== Activity ==
Which lines run from the line with "Внутри яркое апельсиновое" to the end of the entries? Write out exactly those, leaving out the pictures.

== Given entries ==

• • • •

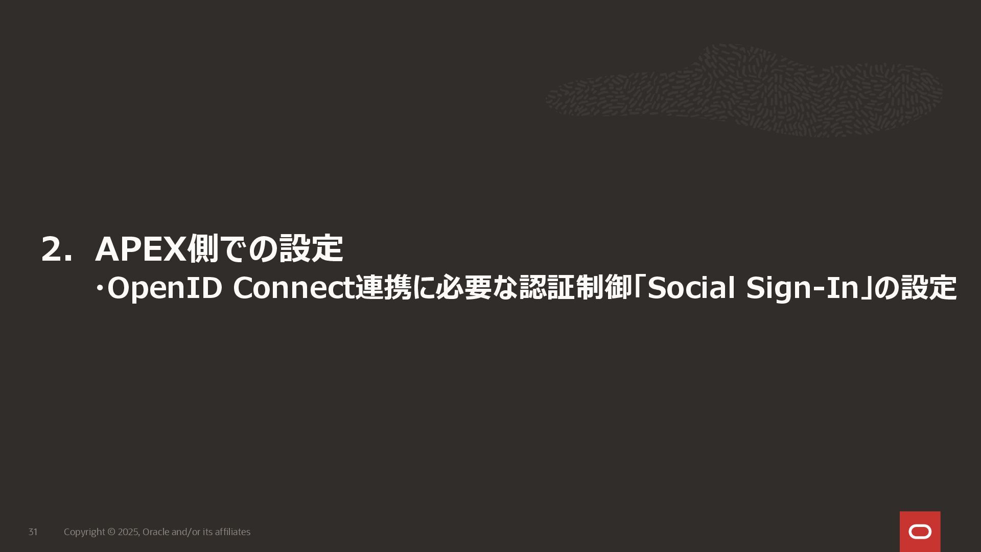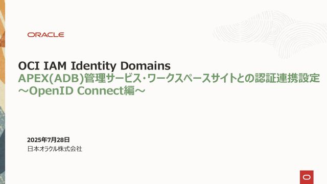 37 4)認証スキームの編集画面にて下記項目を指定し、「変更の適用」を選択します。 ・クライアントID:上記1章で作成した機密アプリケーションのクライアントID ・クライアント・シークレット:上記1章で作成した機密アプリケーションのクライアント・シークレット ・クライアント・シークレットの確認:上記1章で作成した機密アプリケーションのクライアント・シークレット ・Authentication Provider:OpenID Connect Provider ・Discovery URL:上記1章で控えた対象Identity DomainsのURLに「.well-known/openid-configuration」を追加したURL 例) https://idcs-d0e・・・・d9.identity.oraclecloud.com:443/.well-known/openid-configuration ・Scope:profile ・Username Attribute:preferred_username ・Verify Username:いいえ 画面イメージは次ページ参照 本手順では、Username Attributeに「preferred _username」を指定しており、 Identity DomainsユーザーとAPEXユーザーのマッピングは以下のようになります。 ============================== Identity DomainsユーザーのユーザーID = APEXユーザーのユーザーID ==============================
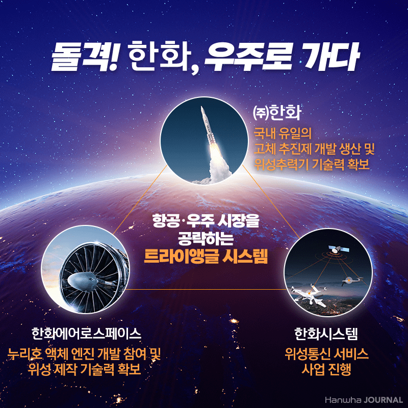 λ±μ νμ ν©μ³ μ€νμ΄μ€ νλΈ(Space Hub)λ₯Ό μΆλ²μν¨ κ±΄λ°μ. μΈκ³΅μμ±μ μ°μ£Όλ‘ λμ μ¬λ¦΄ κ³ μ²΄ μΆμ§ κΈ°κ΄κ³Ό μμΈ μ μ΄ κΈ°μ μ κ°μ§ νν, λνλ―Όκ΅ μ°μ£Ό κ°λ°μ μμ΄μ½μΈ λ리νΈμ νν, λ°ΈλΈ, μ‘체 μμ§ λ±μ μ μνκ³ κ°λ° μ€μΈ ννμμ΄λ‘μ€νμ΄μ€, μ κΆ€λ μμ±ν΅μ μλΉμ€λ₯Ό μ€λΉ μ€μΈ ννμμ€ν
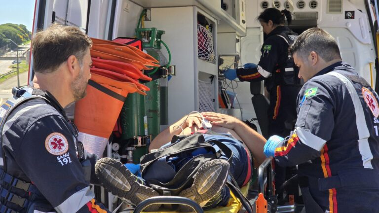 Na tarde desta sexta-feira (23), um motoboy ficou ferido após um acidente de trânsito registrado na Avenida Brasil, no Centro de Passo
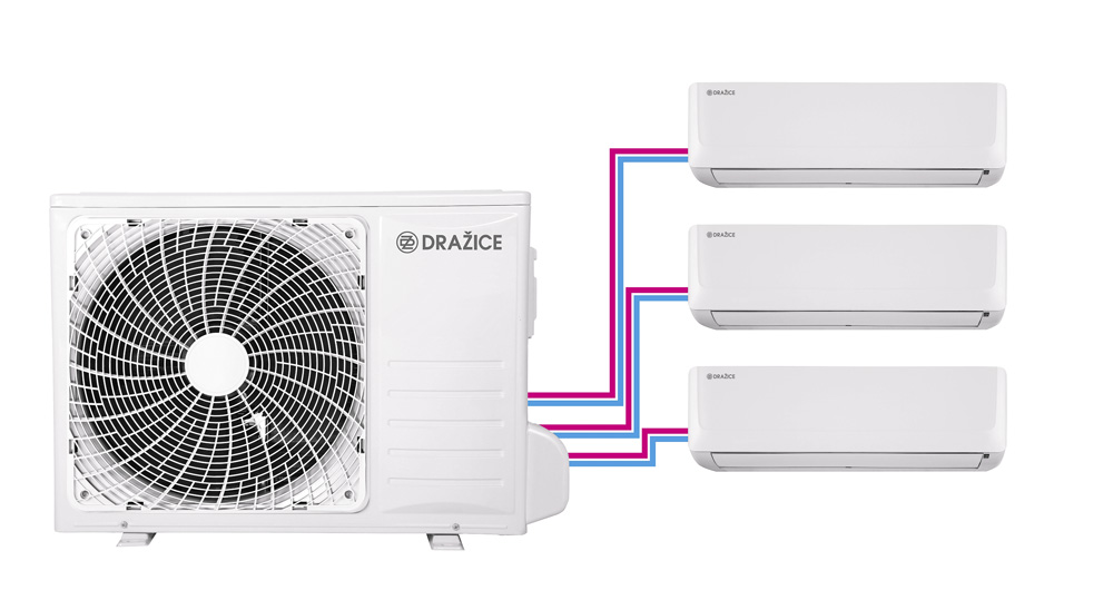 Vyberte si ze sortimentu DZ Dražice jednu z nabízených variant. Split AIR s jednou vnitřní jednotkou pro jednu místnost, nebo Multisplit s více vnitřními jednotkami, která dokáže obsloužit více místností naráz.
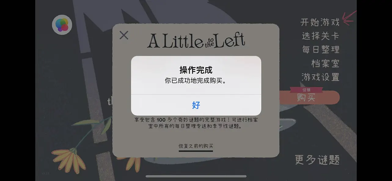 总结来说,《往左一点 A Little to the Left》是一款靠细节和创意打动人的小而美的解谜游戏,它没有炫酷的特效,也没有复杂的系统,就是用最简单的整理动作,唤起你内心对秩序、美感和日常细节的敏感,它治愈、温暖又解压,适合任何时候来一局放松自己。尤其适合喜欢整洁、爱收拾、注重生活仪式感的玩家,这游戏就像一杯温水、一缕阳光,静静陪着你,在混乱中找到属于自己的那一点秩序,一点平静,一点治愈。
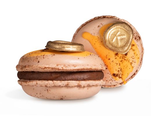 Внутри яркое апельсиновое конфи с лёгкой кислинкой. Снаружи нежный крем со вкусом настоящего эспрессо, с лёгкой горчинкой и бархатной текстурой. А сверху декор из тёмного шоколада покрытого золотом.
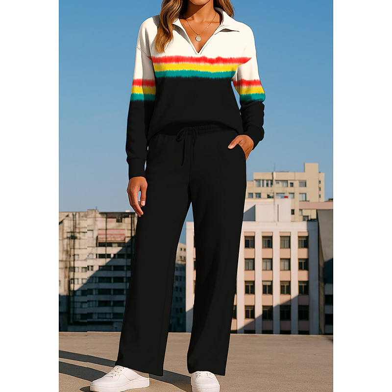 Women's Tracksuit Sweatpants Pullover Sweatshirt Zipper Pocket Color Block Clothing Suit Fall Black White Workout Athleisure Running Thermal Warm Windproof Long Sleeve Sport Activewear Stretchy

• • • •

== Problem solution ==
 Внутри яркое апельсиновое конфи с лёгкой кислинкой. Снаружи нежный крем со вкусом настоящего эспрессо, с лёгкой горчинкой и бархатной текстурой. А сверху декор из тёмного шоколада покрытого золотом.
 Women's Tracksuit Sweatpants Pullover Sweatshirt Zipper Pocket Color Block Clothing Suit Fall Black White Workout Athleisure Running Thermal Warm Windproof Long Sleeve Sport Activewear Stretchy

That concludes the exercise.